ILMÖ fordert striktes Kopftuchverbot für Kinder in allen Bereichen

Wien (OTS) - - ILMÖ verlangt Schließung des Wa-Islamah-Kindergartens benannt nach einem historischen islamischen Jihad-Ruf

- ILMÖ: Angekündigte Klagen gegen Prof. Ednan Aslan sollen mundtot machen, sind aber meist nur Säbelrasseln

- ILMÖ verlangt Rücktritt von Sanac und Al-Rawi. Sie sind mitverantwortlich für die Missstände in Islamischen Kindergärten

Amer Albayati, Präsident der Initiative Liberale Muslime Österreich ILMÖ, fordert ein generelles Kopftuchverbot für Kinder in allen Bereichen (Kindergärten, Kindergruppen, Schulen, Moscheevereinen und auch zu Hause), vor allem in Bildungseinrichtungen. „Wie in islamischen Wiener Kindergärten, wo sämtliche Mädchen Kopftücher tragen müssen. Diese bewusste Symbolik ist ein Anschlag auf die Rechte und die Freiheit der Kinder und raubt ihre kindliche Verspieltheit. Wir bekräftigen auch die Forderung nach einer Schließung solcher radikal islamistischer Einrichtungen. Explizit fordern wir die umgehende Schließung des Wa-Islamah-Kindergartens in Wien, weil alleine die Benennung „Wa Islamah“ – „Oh, mein Islam“ nach einem historischen islamischen Jihad-Ruf eine nicht tolerierbare Provokation für westliche Werte ist. Auch der Austro-Dschihadist Mohamed Mahmoud verwendete immer wieder diesen Ausspruch in seinen Propagandaauftritten“, betont Albayati.
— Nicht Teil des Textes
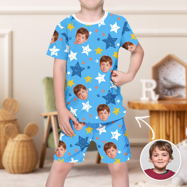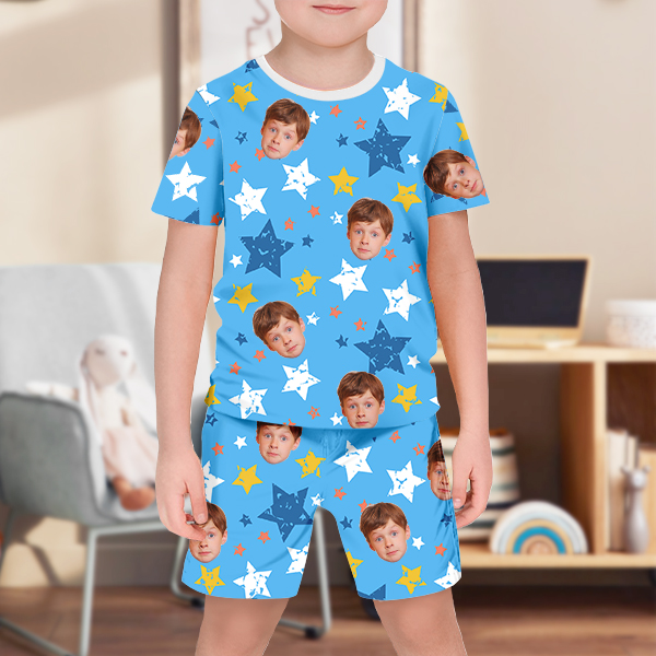 Custom Stars Photo Fruit Pajamas Crew Neck Short Sleeve Short Pants Face Fruit House-wear Suit For Boys For Kids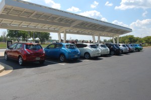 The turn out at the 1st Middle Tennessee LEAF meetup at Nissan US manufacturing and logistics facility at Smyrna TN was a resounding success!! I counted 9 LEAF’s, most of which quickly hooked up to the Blink Level 2 solar assisted chargers. Of the 9 chargers at Nissan 8 worked flawlessly, one was, ‘on the blink’ so to speak.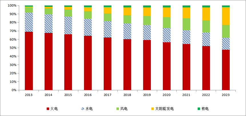 而到2023年底,我国非化石能源发电装机容量为15.7亿千瓦,占总装机容量比重53.9%,已超过火电装机容量,成为中国电力的主要动能。
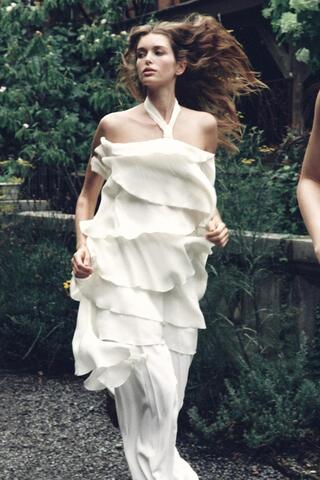ZARA МИНИ-ПЛАТЬЕ С ВОЛАНАМИ, ЭКРЮ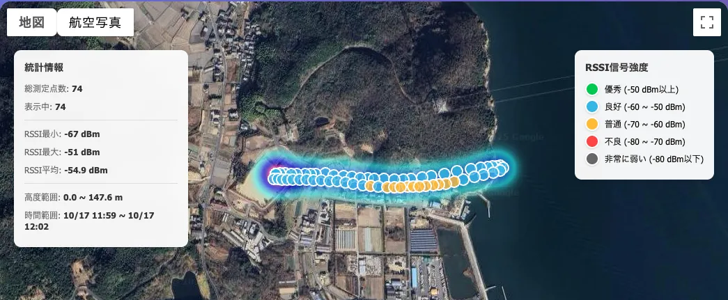- - 3Dマップ:高度情報を加えた立体的な電波強度分布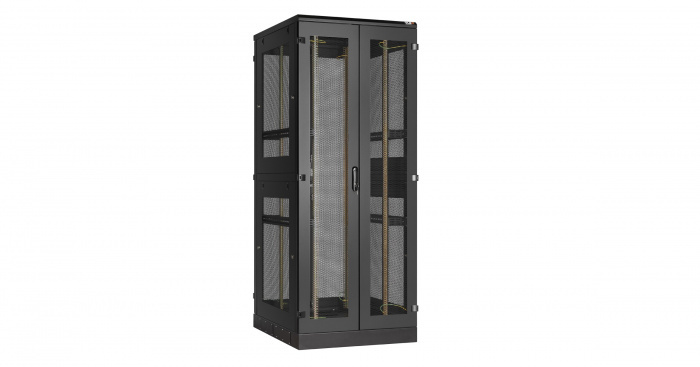 Напольный шкаф 19", 42U, перфорированные двухстворчатые двери, перфорированные двухуровневые стенки, Ш800хВ2060хГ1000мм, в разобранном виде, черный.Шкафы TFA имеют каркасы на цельносварных рамах, соединяющих между собой крышу и основание. Такая конструкция обеспечивает этим шкафам повышенную надежность и высокую грузоподъемность. Что в сочетании с глубиной 1000 мм дает возможность размещать внутри самое тяжелое и габаритное активное оборудование.

Man könne vor Missständen nicht mehr die Augen verschließen: „Wie kann es sein, dass der islamistische Kindergarten von Ismail Suk mitten in Wien-Favoriten im Jahr 2008 den deutschen Salafisten Pierre Vogel, der nach dem Tod von Osama bin Laden sprach und dabei diesen Terroristen gepriesen hat, empfangen hat? Was haben Kindergärten zu verbergen, die nach Veröffentlichung der Aslan-Studie umgehend ihre Website löschten oder änderten? Warum spricht man in Kindergärten von Verboten, Sünden und von anderen Menschen als Ungläubige? Warum gehen die Behörden erst jetzt gegen Abdullah Polat Erbiz vor, der fertige Kindergartenkonzepte zu Lasten der Steuerzahler in Millionenhöhe teuer weiterverkauft hat? Warum ließ man ihn so lange gewähren und warum wurden im Gegenzug anständige Betreiber – wir kennen solche Fälle – nicht genehmigt?“, fragt Albayati.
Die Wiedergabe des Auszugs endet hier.